Mise en place par l’Etat et le département du Doubs suite aux épisodes de mortalité piscicole survenus sur la Loue en 2010 et 2011, cette conférence fait, chaque année, le point sur les actions engagées par les différents acteurs locaux impliqués dans la gestion des milieux aquatiques, du cycle de l’eau ou encore des activités pouvant avoir une incidence sur les cours d’eau. Récemment, la sécheresse de 2018 a confirmé la nécessité d’engager des actions d’envergure dans la gestion des ressources en eau et de leur assainissement.
Quatre thématiques ont alors été abordées cette année : la gouvernance, la ressource quantitative en eau, l’agroenvironnement et la qualité de l’eau.

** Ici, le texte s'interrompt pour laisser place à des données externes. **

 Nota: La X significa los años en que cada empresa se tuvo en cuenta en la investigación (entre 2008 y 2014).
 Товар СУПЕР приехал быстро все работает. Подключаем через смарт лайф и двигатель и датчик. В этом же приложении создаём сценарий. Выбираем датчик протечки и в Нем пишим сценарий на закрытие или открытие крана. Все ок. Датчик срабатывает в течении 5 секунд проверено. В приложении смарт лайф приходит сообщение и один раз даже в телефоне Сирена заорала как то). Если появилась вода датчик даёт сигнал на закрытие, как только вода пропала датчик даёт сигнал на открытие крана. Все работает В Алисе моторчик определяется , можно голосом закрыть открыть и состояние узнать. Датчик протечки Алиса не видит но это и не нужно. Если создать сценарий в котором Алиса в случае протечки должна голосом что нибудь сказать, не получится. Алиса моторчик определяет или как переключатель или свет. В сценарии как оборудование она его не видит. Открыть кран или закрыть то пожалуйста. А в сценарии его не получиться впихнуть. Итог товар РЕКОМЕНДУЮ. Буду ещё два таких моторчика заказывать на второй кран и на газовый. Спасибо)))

À l’occasion de cette conférence, le Doubs illustre son volontarisme dans la gestion des ressources en eau, notamment avec des soutiens financiers et techniques aux projets locaux. Il redéfinit également sa politique grâce au nouveau programme de l’Agence de l’eau, avec laquelle il a contractualisé un nouvel accord jusqu’à 2024. De plus, il participe à la réalisation du SDAEP (Schéma Départemental d’Alimentation en Eau Potable) et a même son statut dans certains syndicats assurant la gestion des milieux aquatiques. Enfin, il ne cesse de suivre annuellement la qualité de l’eau des rivières et crée ainsi des évènements de sensibilisation, comme le Doubs-Day, organisé le samedi 29 juin.

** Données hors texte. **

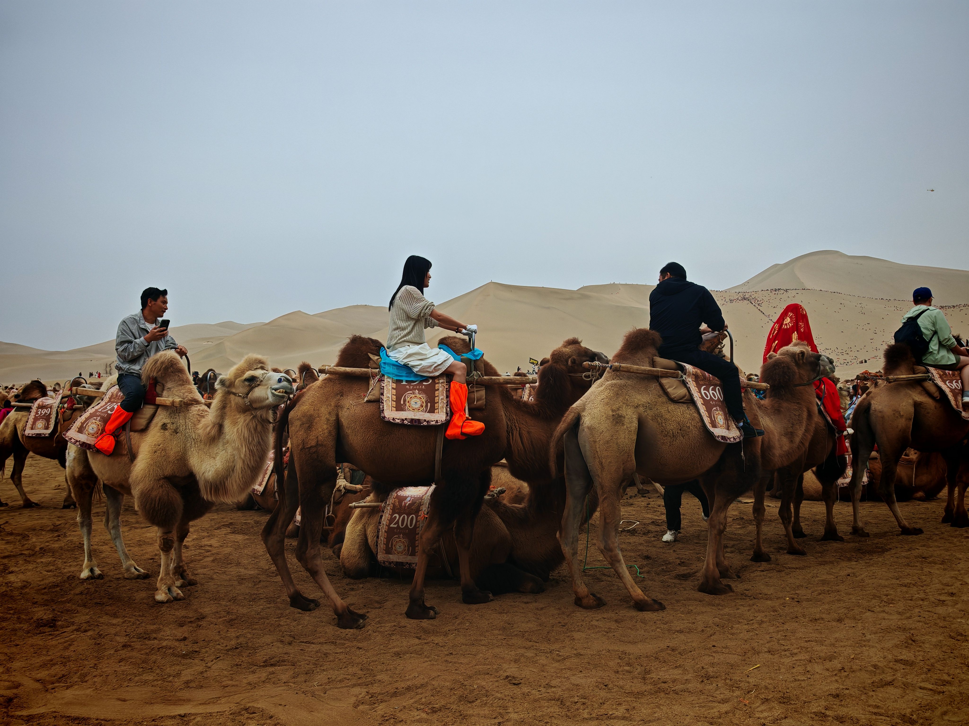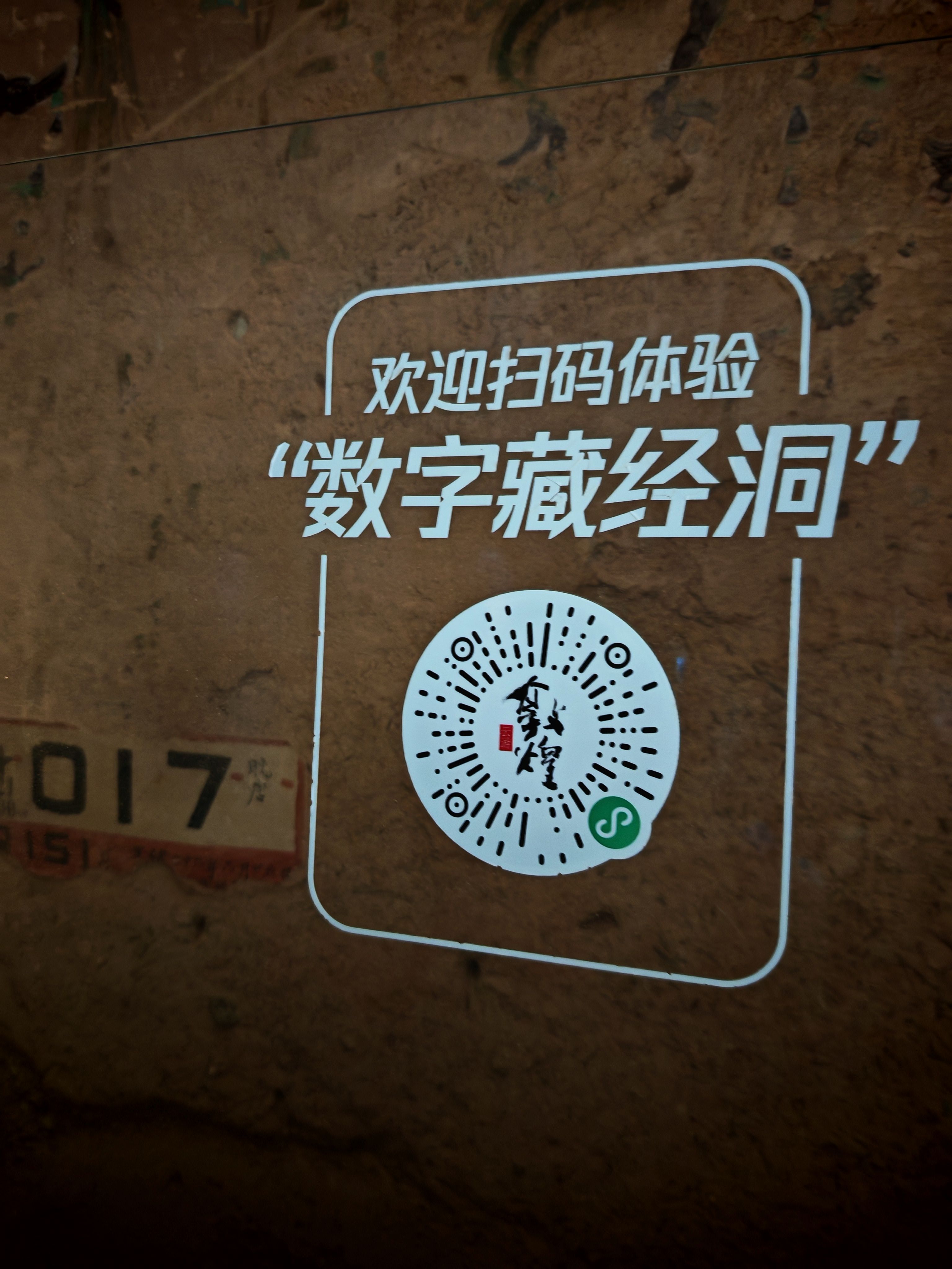 莫高窟参观结束已经中午12点了。吃过饭就去了阳关,对西出阳关无故人的诗句很有情怀,所以即使是废墟也要去走走,走过路过不要错过吧。敦煌市区到阳关60公里,来回要2小时,到达鸣沙山月牙泉已经下午17点,人很多都是来看晚上的星空演唱会,停车位都找了半个小时。演唱会19点30开始大概10首歌曲21点10分结束,特别在沙山上看夜晚的月牙泉很有感觉,值得一看。在景区人生第一次骑了半小时的骆驼,敦煌一天的行程收获满满吧。说下骑骆驼价格130元一个人,涨价了哈。另外演唱会在淡季是每周一三五,有计划去的朋友可关注景区公众号,关注演唱会变化。附上数字莫高窟的二维码给喜欢的朋友。

En clôture de cette conférence, la charte forestière « Piqûre » (charte de bonnes pratiques pour le traitement des bois en forêt publique) a été signée après sa présentation par l’ONF.

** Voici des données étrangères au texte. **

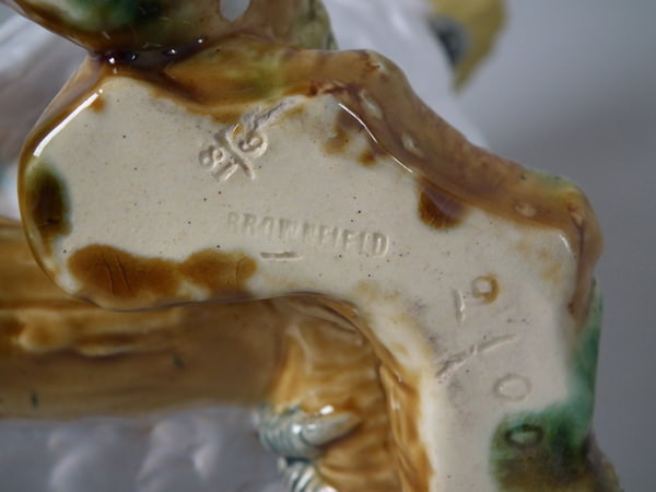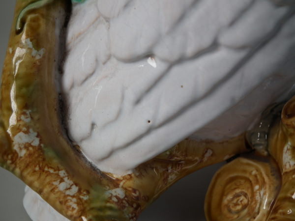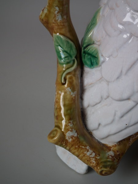 CONDITION: Good. KILN EFFECTS: small firing pits to the wings and chest; flecks of stray white glaze to the branch.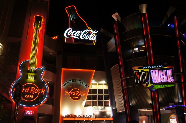 でも、ユニバーサルシティ駅からUSJに行くまでにある、ユニバーサルシティウォークは夜遅くまで楽しめます。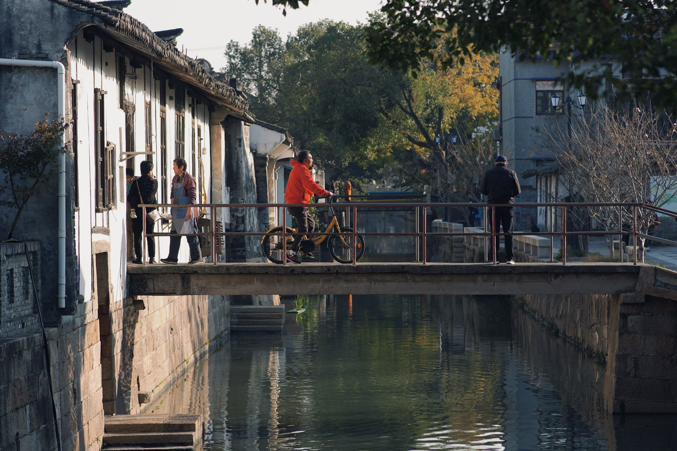 凌波桥畔的乌桕最是贪心,把秋的色谱都揉进了叶尖:新绿还没褪尽,鹅黄已漫上脉络,橙红叠着绛紫,在晴光里晕出三四重渐变,像把深秋的阳光都织进了枝叶里。红枫的艳、三角枫的柔、鸡爪槭的俏,各擎着一团秋色,在风里晃出细碎的光。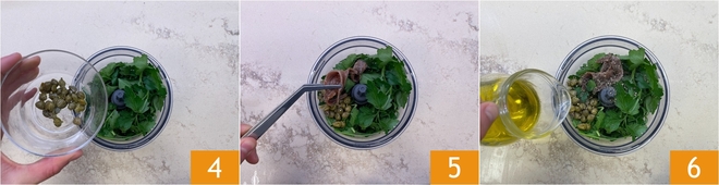 Añade las alcaparras desaladas 4, las anchoas en aceite 5 y el aceite 6.
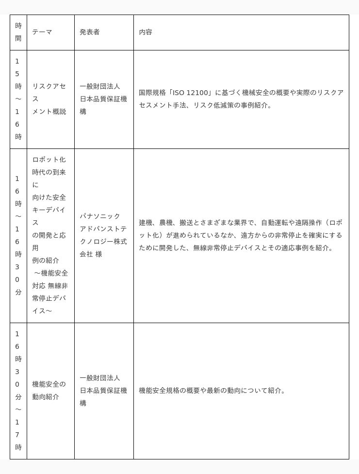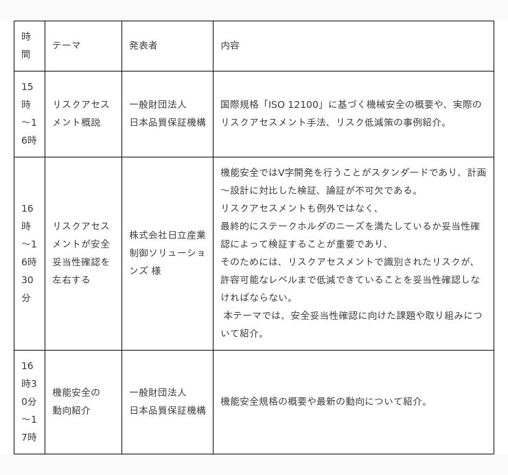 また、「機能安全」セミナーでは、機能安全規格の概要や最新の動向をご紹介するとともに、機能安全に関する取り組みをされている企業の方々をゲストとしてお招きし、リスクアセスメントや機能安全をテーマに各事例を発表いただく予定です。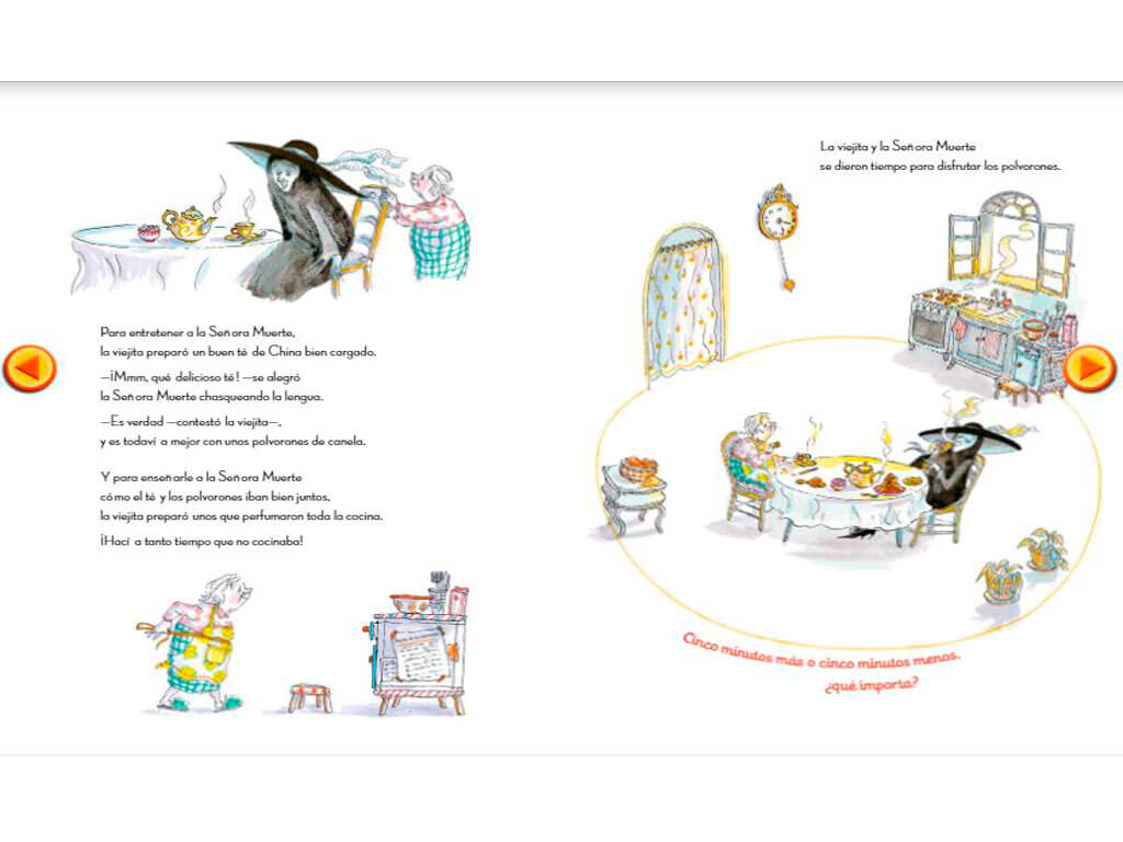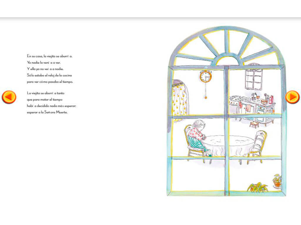 En su casa, la viejita se aburría. Ya nadie la venía a ver y ella ya no veía a nadie. Sólo estaba el reloj de la cocina para ver cómo pasaba el tiempo. Un día se aparece la Señora Muerte y todo cambia.

Cette charte vise à mieux maîtriser la pratique du traitement du bois en forêt, compte tenu de la grande vulnérabilité des rivières et de nos ressources en eau particulièrement fragiles en milieu karstique. Elle comprend douze engagements visant à acquérir une meilleure connaissance des pratiques de traitement des résineux, à des contrôles plus efficaces sur site, et à favoriser l’émergence de bonnes pratiques pour limiter le recours aux traitements en milieu forestier.